[Input]:

Content starts

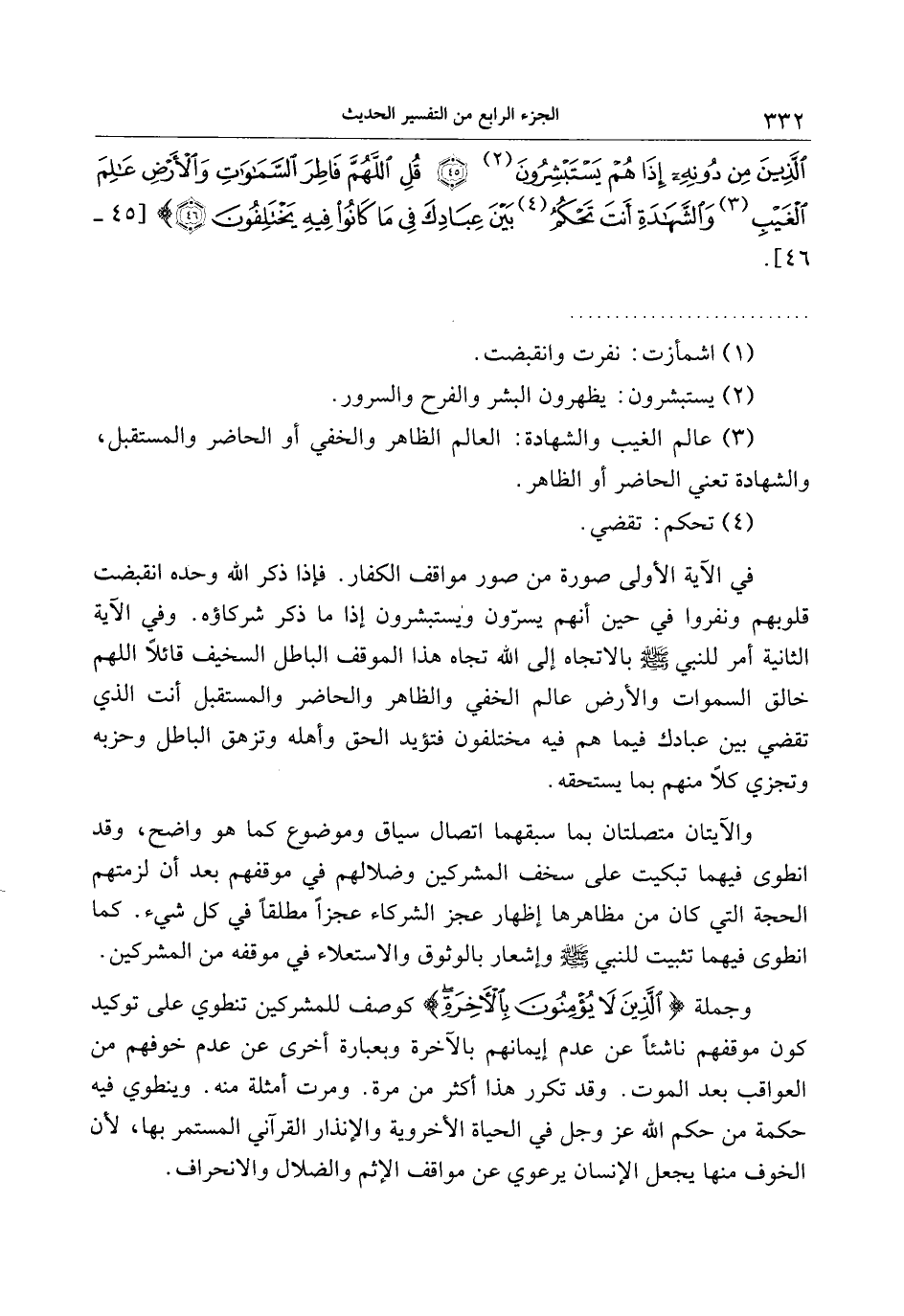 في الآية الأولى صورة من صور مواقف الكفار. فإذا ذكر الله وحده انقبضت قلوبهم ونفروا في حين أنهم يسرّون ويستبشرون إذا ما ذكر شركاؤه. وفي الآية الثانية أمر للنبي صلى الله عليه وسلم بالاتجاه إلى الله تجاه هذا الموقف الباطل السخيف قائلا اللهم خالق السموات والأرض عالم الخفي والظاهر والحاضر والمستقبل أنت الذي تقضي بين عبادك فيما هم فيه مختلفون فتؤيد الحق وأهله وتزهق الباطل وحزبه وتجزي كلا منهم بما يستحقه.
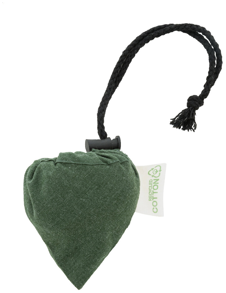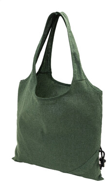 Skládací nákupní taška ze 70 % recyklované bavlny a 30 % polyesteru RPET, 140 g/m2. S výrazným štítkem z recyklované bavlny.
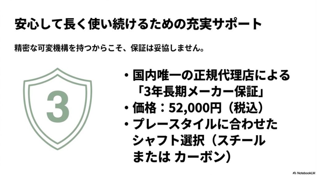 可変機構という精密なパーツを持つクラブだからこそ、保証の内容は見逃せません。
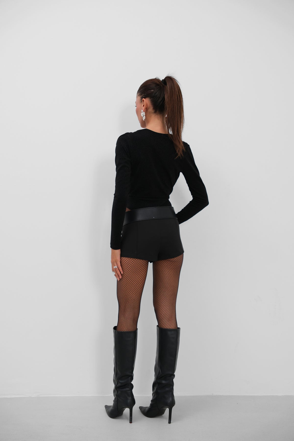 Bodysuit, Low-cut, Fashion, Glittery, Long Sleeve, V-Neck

Content ends
Content starts

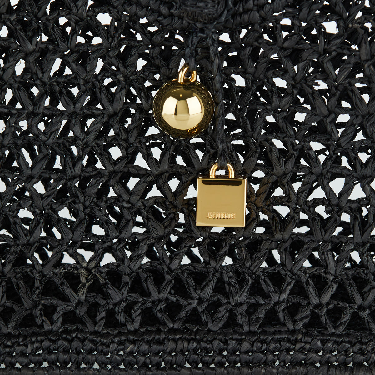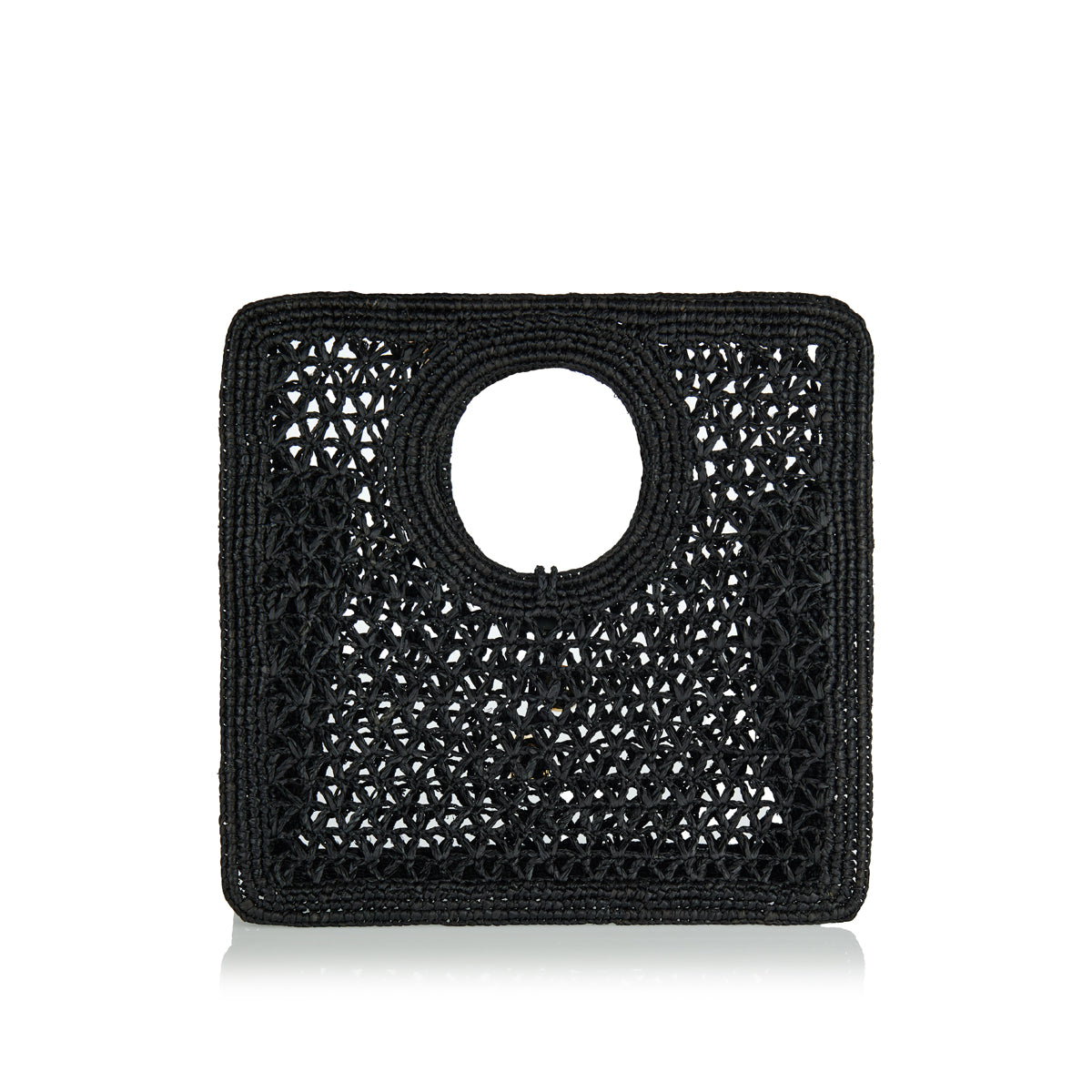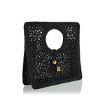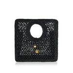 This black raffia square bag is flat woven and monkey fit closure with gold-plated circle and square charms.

Content ends

[Problem]:
Line for line, output the entries above from the line with "Skládací nákupní taška" to the line with "Bodysuit, Low-cut, Fashion, Glittery, Long", both included, and nothing more. Skip pictures.

[Expected answer]:
 Skládací nákupní taška ze 70 % recyklované bavlny a 30 % polyesteru RPET, 140 g/m2. S výrazným štítkem z recyklované bavlny.
 可変機構という精密なパーツを持つクラブだからこそ、保証の内容は見逃せません。
 Bodysuit, Low-cut, Fashion, Glittery, Long Sleeve, V-Neck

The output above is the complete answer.